Here in coastal Virginia, strawberry season is wrapping up. Between dehydrating, freezing, eating fresh, and making jam, I picked over a hundred pounds of them this year. I am blessed to have several Pick-Your-Own Farms in the area, so I’ve sworn off grocery store strawberries. As many of you know, once you’ve tasted fresh picked, local berries, it’s difficult to justify paying for the tasteless, colorless grocery offerings. There are, however, several tips to ensure a successful trip to the strawberry fields. For those of you in New England and the Midwest, where strawberries are just coming into season, I offer this advice:
Talk to the farmer and ask what varieties of berries they have. Then, before you start picking, taste each kind. Just like a 'Golden Delicious' apple tastes very different from a 'Honey Crisp,' strawberries, too, will have their own texture and sweetness. Most people I’ve spoken to don’t realize this, and they blindly pick whatever berries are ripe. In our area, farmers tend to grow 'Sweet Charlies,' 'Chandlers,' 'Camarosas,' 'Albions,' and 'Festivals.' Some are firm, some are super sweet, some aren’t as sweet but still taste great … you can decide, based on taste and how you plan to use them, which you like best. And here’s the kicker:The same variety of berry grown on one farm will taste different than those grown on another farm.
I love the 'Sweet Charlies' grown at one local farm, but not at another, where they had no taste at all (which is okay, because I love THAT farm’s 'Camarosas' best of all!) Don’t assume the busiest farm has the best berries. I was shocked to find that the ‘most popular’ field here was not only more expensive than all the rest, but their berries hardly had any taste whatsoever! If you’re lucky enough to have a choice, visit each farm and taste before you pick at each of them.

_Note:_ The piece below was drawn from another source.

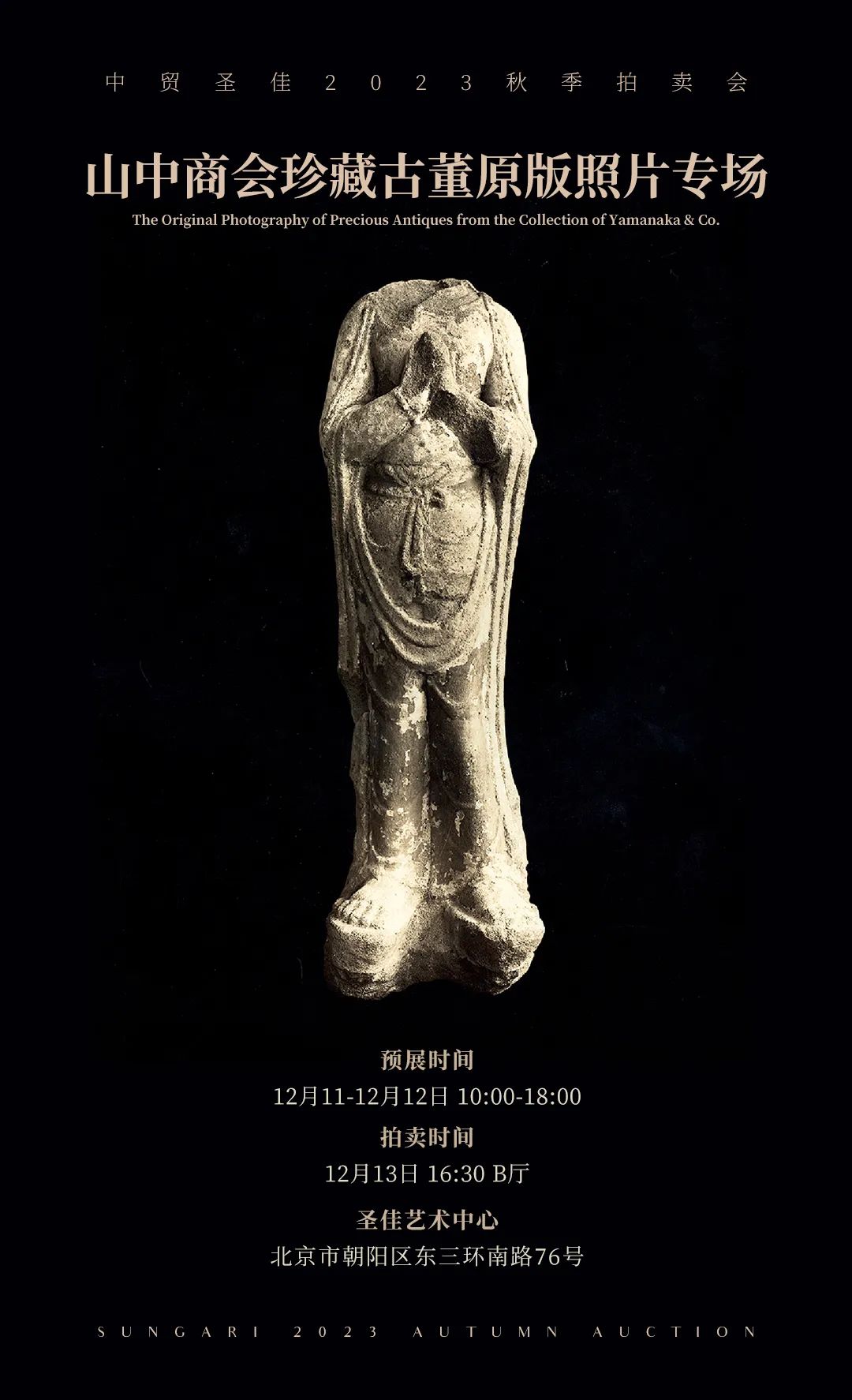 本次中贸圣佳2023秋拍“山中商会珍藏古董原版照片专场”汇集3000余张山中商会旧藏原版照片,其中不乏山中定次郎天龙山考察、山本照相馆摄文物照、山中商会陈列展等重要的一手资料。由山中商会经手的重要器物,现今依然在世界一流的拍卖会上时有所见,仍屡创高价。当我们一次次面对这些时隔百年的影像,不仅可以钩沉民国时期跌宕起伏的古玩艺术品发展历程,也不可或缺的提供了可靠的“证据”,供我们“更加生动地‘想象’过去”。

Berries ripened in sun will be sweeter, and those picked after a rain will taste washed out and won’t last as long once you get them home. To ensure the best berries, plan your picking based on the weather.
In most cases, the best picking will be at the far end of each row. Most people start at the nearest point and finish before they get to the end. However, if the farm you are picking at employs their own pickers, they may start at the far end and work towards the middle. In that case, I always plunk myself in the middle of the rows and usually find it’s easy picking! Also, regardless of the weather, I always try to wear boots when picking. This is because most fields here are clay and irrigation drainage is an issue. Obviously, the general population will avoid muddy rows, but not me. That’s where the best picking is because no one else has been there!
Don’t plan to pick your berries in buckets. To avoid smashed berries, use wide, shallow containers no more than 4 or 5 inches deep.Many farms will close early if they’ve been picked out or if weather is a concern. Call before you go, or check the farm’s Facebook page if they have one.
My kids knew when I’d gone picking while they were in school, because dessert that evening would be fresh berries with a special topping. Freshly made whipped cream is delicious, but I don’t usually have cream in the fridge and don’t believe in making ‘special trips’ to the store. Instead, I made do with what we had on hand and discovered that sour cream, and even Greek Yogurt, make a great topping for fresh berries. I mixed in a little vanilla and a small bit of brown sugar, and everyone raved. Adding some shredded coconut and slivered almonds knocked it out of the park. If the only strawberries you’ve eaten come in a plastic carton, do yourself a favor and seek out a field where you can pick your own. You’ll be glad you did!